The workflow for the network creation. Step 1: Interaction data is downloaded from STRING DB and miRTarBase. Expression correlation is calculated from the IBM expression datasets. These are mapped and combined into a database layer, and a correlation layer. Step 2: Differential gene expression testing is applied to the mRNA and miRNA data. Burden testing is applied to the exome sequencing data. In the case of mRNAs, the two p-values are combined into one. Step 3: The node values are overlaid on top of the network created from the edges

Finally, to connect everything in the network, we used BridgeDB [25] and miRBaseConverter [26] to map the identifiers of STRING and miRTarBase to the identifiers of the transcriptome and exome datasets. Specifically, we mapped NCBI gene identifiers to Ensembl identifiers, and mapped miRNA names to miRBase accessions. We removed isolated nodes that were not connected to the largest connected component of the network, because we are using an iterative analysis method that traverses the network. The resulting network consists of 17,405 nodes and 3,353,996 edges of different types (Table 1).

Table 1.

Summary statistics for the multiplex network

Statistic Count
Number of nodes 17,405
 Number of gene nodes 15,574
 Number of miRNA nodes 1,831
 Number of genes with variant burden (padj < 0.05) 209
 Number of mRNA differentially expressed (padj < 0.05) 8215
 Number of miRNA differentially expressed (padj < 0.05) 628
Number of edges 3,353,996
 Number of STRING edges 300,536
 Number of miRTarBase edges 153,694
 Number of mRNA-mRNA correlation edges 2,157,070
 Number of miRNA-mRNA correlation edges 742,696

Active subnetwork identification

We used MOGAMUN [27] to identify highly interconnected subnetworks that have a high degree of biological significance (active subnetworks) using default parameters. Thirty parallel runs were performed with 500 generations of optimization each. Since subnetworks are allowed to overlap, they were merged during post processing in MOGAMUN. In this process, the maximum number of nodes per subnetwork was increased to 200, and the Jaccard Index threshold was lowered to 0.2, in order to obtain subnetworks that are highly distinctive. We performed functional profiling of each resulting subnetwork with Gene Ontology Biological Processes terms using the g: GOSt function in the gProfiler2 R package (version 2.0) [28]. We also calculated the correlation of each subnetwork’s first principal component with the estimation of several cell types as estimated by Johari et al. [14, 29, 30].

Results

In order to elucidate IBM disease mechanisms from multi-omics data, we applied active subnetwork identification [27] on our IBM network.
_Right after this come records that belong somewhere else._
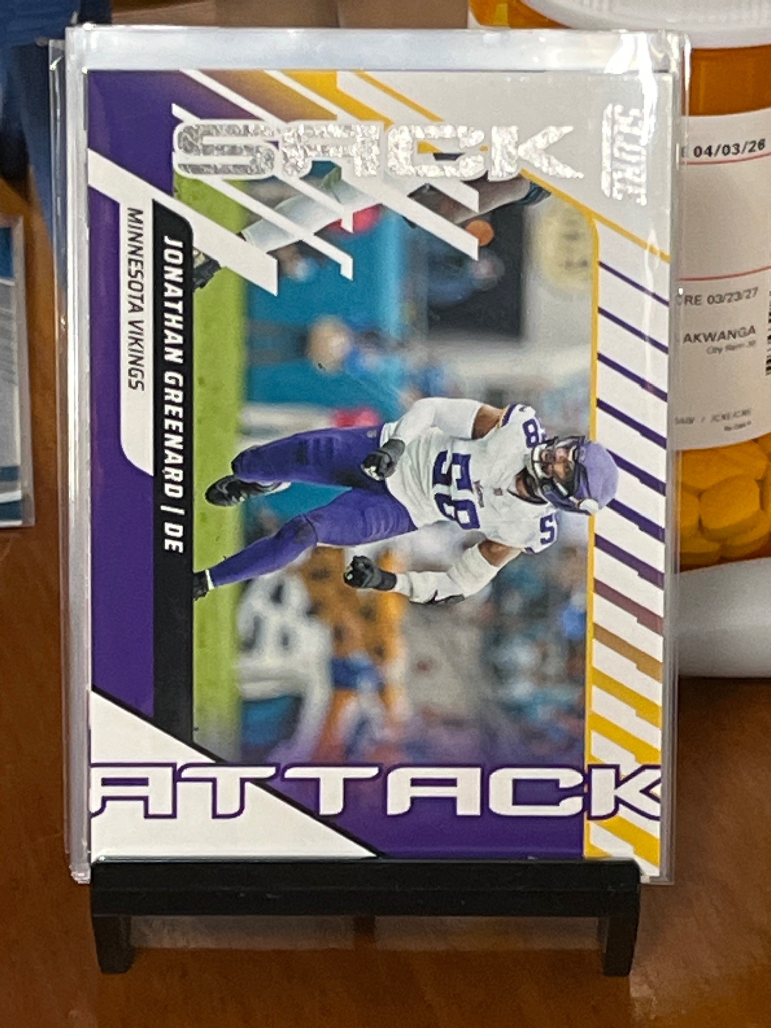 This is a 2024 Panini Score modern trading card featuring Jonathan Greenard of the Minnesota Vikings. The card is a specialized 'SACK ATTACK' insert, characterized by its dynamic horizontal layout and bold graphic elements. The design utilizes a theme-appropriate color palette of purple, gold, and white, mirroring the Vikings' team colors. The silver foil 'SACK' text at the top and purple 'ATTACK' at the bottom frame a crisp action photograph of Greenard in his white away uniform. Physically, the card is standard 2.5 x 3.5 inches, constructed from thick cardstock with a glossy finish. It is currently housed in a protective soft plastic sleeve and a semi-rigid top loader, which helps maintain its condition. The centering appears well-balanced, and the corners, visible through the sleeve, appear sharp without obvious whitening or fraying. There are no immediate signs of surface scratches, creases, or manufacturing defects visible in this view. The vertical 'SCORE' logo is present in silver foil in the upper right. This represents a modern collectible from a major licensed manufacturer, often used as part of a subset in the larger Score set release for the 2024 season.
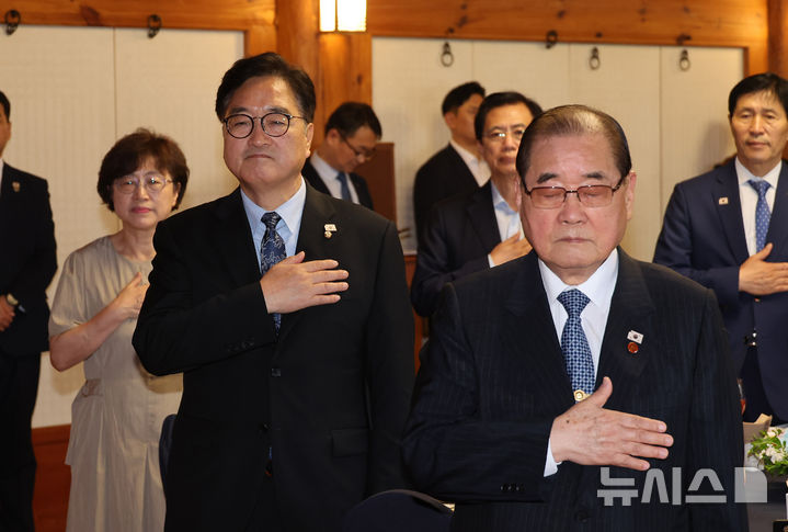 独立運動家子孫との昼食会に臨む禹元植・国会議長(4/7)
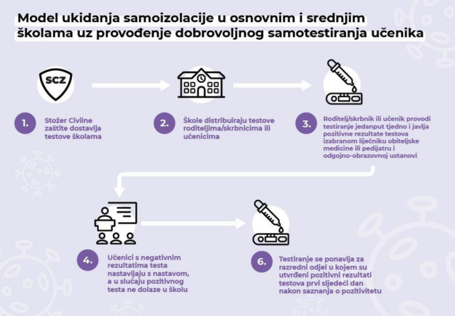 Po učeniku je potrebno podijeliti dva testa što je dovoljno za dva tjedna, a onda će tijekom praznika doći druga tranša
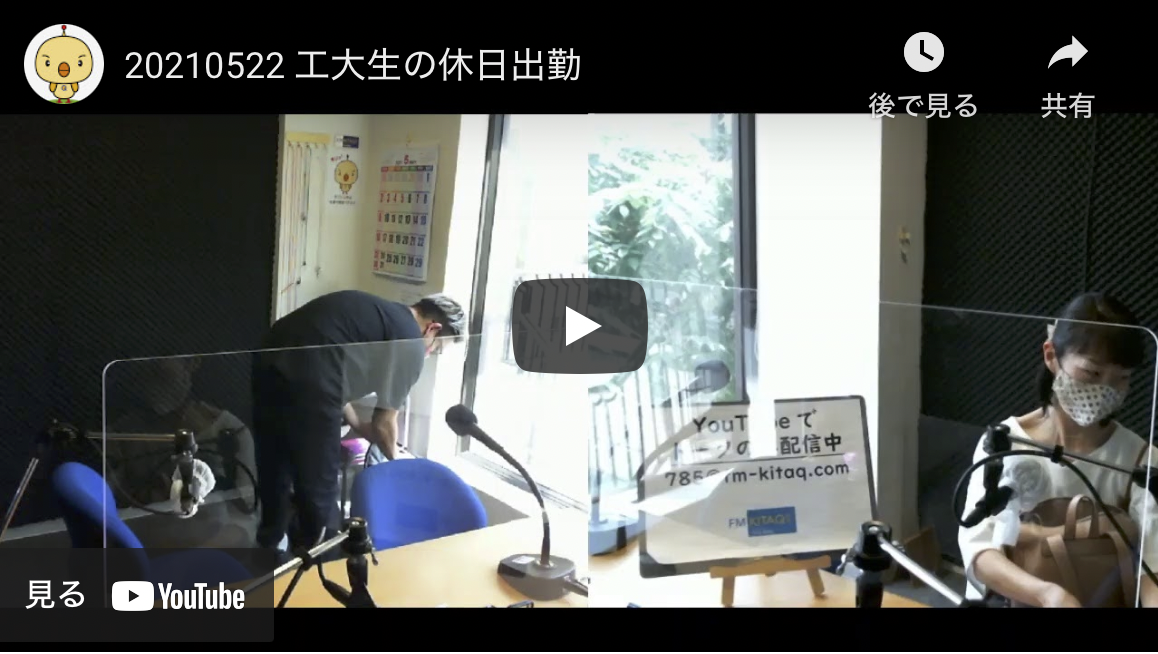 先日、5月22日にFM kitaqの番組「工大生の休日出勤」に出させて頂きました。
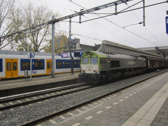 Een Class 66 van Captrain bij de doorkomst door Rotterdam Centraal over spoor 15 op 10 november 2012.
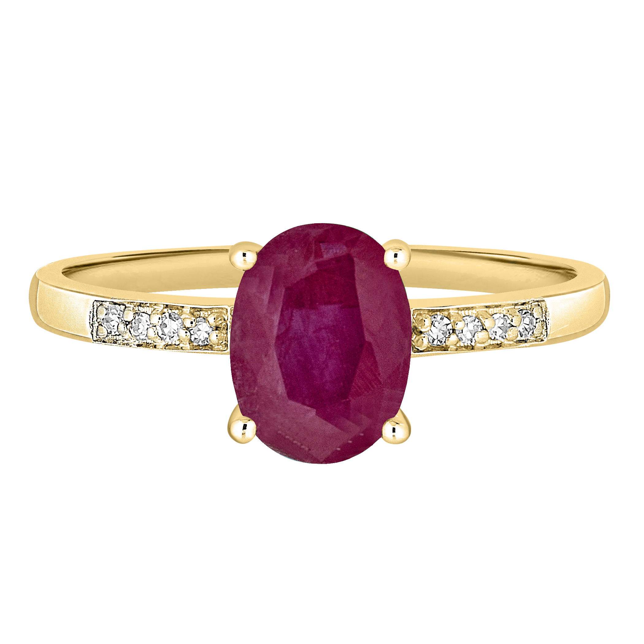 Fiery red ruby is accented with dazzling diamonds in this luxurious yellow gold ring.• 7x5mm Oval Ruby Gemstone• 14K Yellow Gold Setting• Precious Birthstone Collection
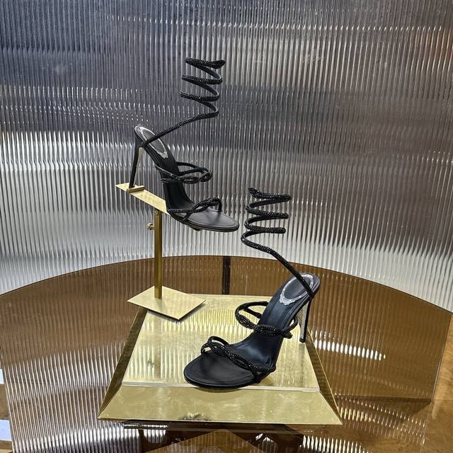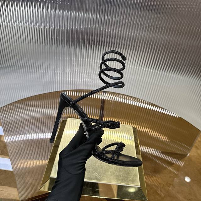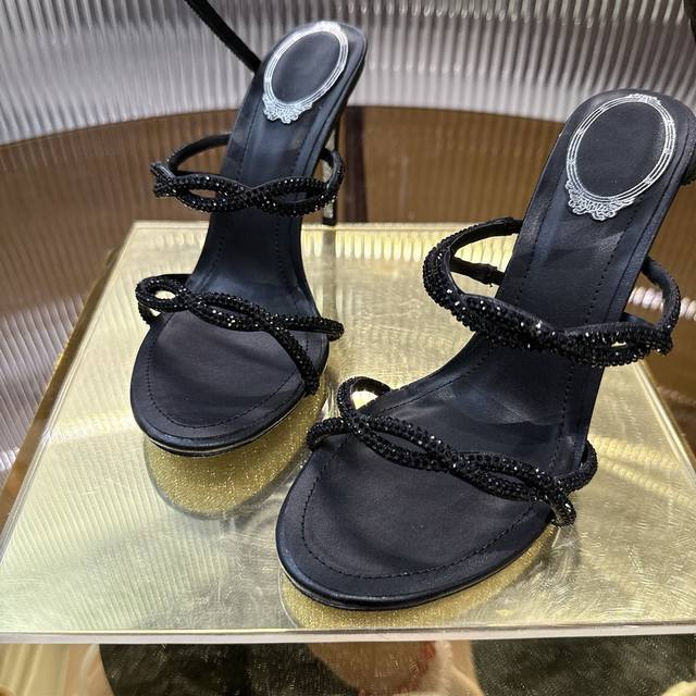 / 顶级版 R C 2025S Rc春夏爆红系列,全新配色露趾交叉缠绕水钻镶嵌高跟跟拖鞋凉鞋 商品描述:Caterina细致交叉线条和鞋跟完整包覆着发亮的水钻,像两
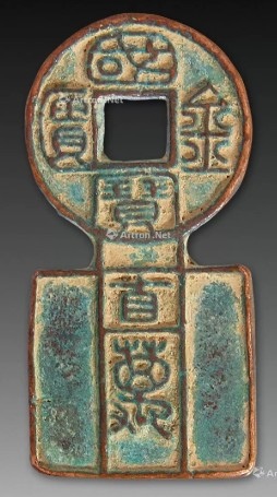 新朝王莽時期所鑄錢幣,字體優美、鑄工精良、造型別緻,如大泉五十、一刀平五千等都是珍品;其中有一款神秘的錢幣,造型奇特,上呈方孔圓形,書“國寶金匱”四字,下呈長條方形,書“直萬”二字,被古錢幣投資收藏者稱“國寶金匱直萬”,價值無可估量。被古錢幣投資收藏者稱“國寶金匱直萬”,價值無可估量。
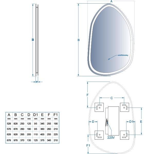 Ogledalo dimenzija 55x85 cm dizajnirano je tako da se odlično uklapa i u manje i u veće kupaonice. Srebrna boja okvira daje čist, minimalistički i moderan izgled koji se lako slaže s različitim stilovima interijera. Posebnost ogledala je napredno LED osvjetljenje koje stvara ugodnu svjetlost u nijansi 4000K – to je prirodno bijela svjetlost, savršena za svakodnevnu njegu lica, šminkanje ili brijanje.
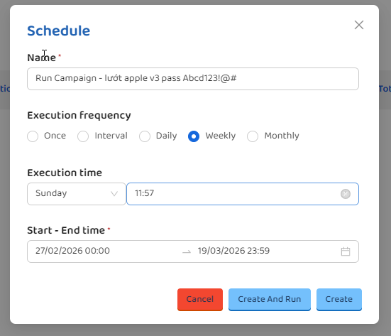 Weekly: Chạy hàng tuần. Tại Execution time bạn có thể chọn thứ để chạy và giờ chạy. Và chọn thời gian bắt đầu và thời gian kết thúc.

This resulted in five distinct subnetworks which we labeled according to their top GO terms: “Antigen processing and presentation”, “Chemokine-mediated signaling”, “Immune response – signal transduction”, “rRNA processing”, and “mRNA splicing”, respectively (Fig. 3). These subnetworks are optimized based on both the density of interactions and the scores (p-values) of the nodes. All p-values, correlations and fold changes in these subnetworks are available in additional file 3 and 4.

Fig. 3.

Fig. 3

The five subnetworks that were identified by the active subnetwork identification algorithm together with their top-scoring GO annotations. Node shapes indicate the type of each entity. The gene and miRNA expression fold change is shown using color (red indicates upregulation; dark red indicates a fold change > 5.5; blue indicates downregulation; white indicates no change). Variant burden significance is shown with a solid line around a node. The different types of an edge are depicted with the line type

The “Antigen processing and presentation” subnetwork (Fig. 3a) contains 20 nodes, of which 19 are genes, and one is a miRNA. These 20 nodes are all significantly differentially expressed (padj < 0.05) and two of those (HLA-C and BAG6) also have a significant variant burden (padj = 0.013 and padj = 0.008, respectively). Six nodes are overexpressed HLA genes (HLA-A, HLA-B, HLA-C, HLA-E, HLA-F, and HLA-G). In previous studies, their overexpression was consistent in IBM and other inflammatory myopathies [14, 31]. This subnetwork also contains several overexpressed CD genes, namely CD2, CD5, CD48, CD79A, CD8A, and CD8B, which are markers of Leukocytes [32]. LCK was another overexpressed gene in this subnetwork, previously proposed as an apoptosis regulator involved in IBM [14]. Besides protein-coding genes, this subnetwork contains the miRNA miR-16-5p, linked to the HLA-A, HLA-B, and HLA-C genes, with negative correlation coefficients ranging from − 0.51 to -0.58. Finally, this subnetwork is strongly correlated to the proportion estimation of CD8 T cells, CD4 memory activated T cells, regulatory T cells (additional file 5).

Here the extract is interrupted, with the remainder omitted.